How do you test the improper integral #intx^2 dx# from #(-oo, oo)# and evaluate if possible?

Question

Ezekiel Alexander · Accepted Answer

It is divergent.

We deal with the indefinite integral as normal: So: # int \ x^2 \ dx = 1/3x^3 \ \ (+c) # Then as we are dealing with an infinite integration limit we use the limit definition to get: # int_(-oo)^(oo) \ x^2 \ dx = [ \ 1/3x^3 \ ]_(-oo)^(oo) # # " " = lim_(n rarr oo)[ \ 1/3x^3 \ ]_(-n)^(n) # # " " = lim_(n rarr oo)1/3(n^3-(-n)^3) # # " " = lim_(n rarr oo)1/3(n^3+n^3) # # " " = lim_(n rarr oo)2/3n^3 # Which is clearly divergent (and therefore undefined)

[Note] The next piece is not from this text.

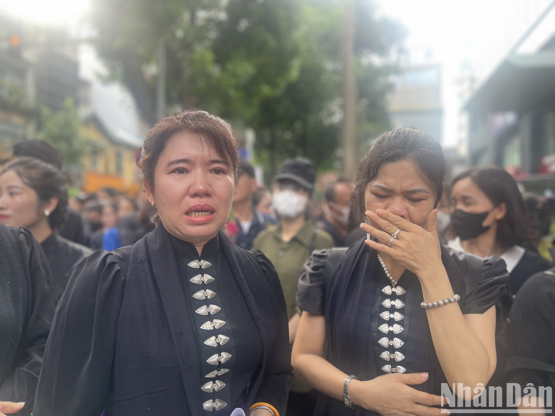 Chị Cầm Cẩm Thơ (đại diện nhóm đồng bào và sinh viên dân tộc Thái tại Hà Nội) khóc nghẹn khi cùng nhóm khoảng 20 người đứng ở ngoài cổng Yec-xanh chờ vào viếng Tổng Bí thư.

Cameron Alexander · Answer

The integral:

#int_(-oo)^oo x^2dx#

is divergent.

We have for #t > 0#: #int_(-t)^t x^2dx = [x^3/3]_(-t)^t = t^3/3 +t^3/3 = 2/3 t^3# So: #int_(-oo)^oo x^2dx = lim_(t->oo) int_(-t)^t x^2dx = lim_(t->oo) 2/3 t^3 = +oo# so the improper integral is divergent.

Charles Anctil · Answer

undefined To test the improper integral $ \int_{-\infty}^{\infty} x^2 \, dx $, you would split it into two separate integrals:

$$ \int_{-\infty}^{\infty} x^2 \, dx = \lim_{a \to -\infty} \int_{a}^{c} x^2 \, dx + \lim_{b \to \infty} \int_{c}^{b} x^2 \, dx $$

Then, you would evaluate each integral separately and take their limits as $ a $ approaches negative infinity and $ b $ approaches positive infinity. This involves integrating $ x^2 $ with respect to $ x $ and then evaluating the limits of integration.

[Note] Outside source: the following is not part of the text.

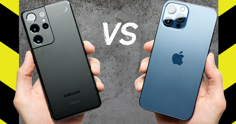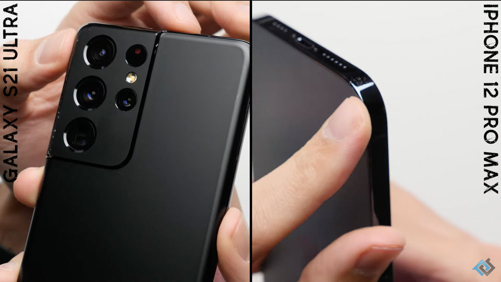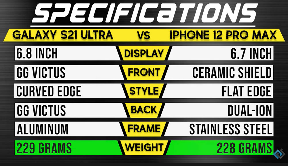 มาดูสเปกของทั้ง 2 รุ่นกันก่อน ซึ่ง Samsung Galaxy S21 Ultra (6.8 นิ้ว) นั้น มาพร้อมกับกระจกหน้าจอแบบ Gorilla Glass Victus ทั้งด้านหน้าและด้านหลัง ส่วนกรอบตัวเครื่องเป็นอะลูมิเนียมและขอบโค้ง ส่วน iPhone 12 Pro Max กระจกด้านหน้าเป็น Ceremic Shield, กระจกด้านหลังเป็น Dual-Ion และกรอบตัวเครื่องแบบ Stainless Steel ขอบแบน ในขณะที่น้ำหนักตัวเครื่องของทั้ง 2 รุ่นถือว่า ต่างกันไม่มากนัก

$$ \int_{a}^{c} x^2 \, dx = \left[ \frac{x^3}{3} \right]_{a}^{c} $$
$$ \int_{c}^{b} x^2 \, dx = \left[ \frac{x^3}{3} \right]_{c}^{b} $$

After integrating, you would take the limits of the resulting expressions as $ a $ approaches negative infinity and $ b $ approaches positive infinity. If these limits exist, you can then evaluate them to find the value of the improper integral. If the limits do not exist, the integral diverges.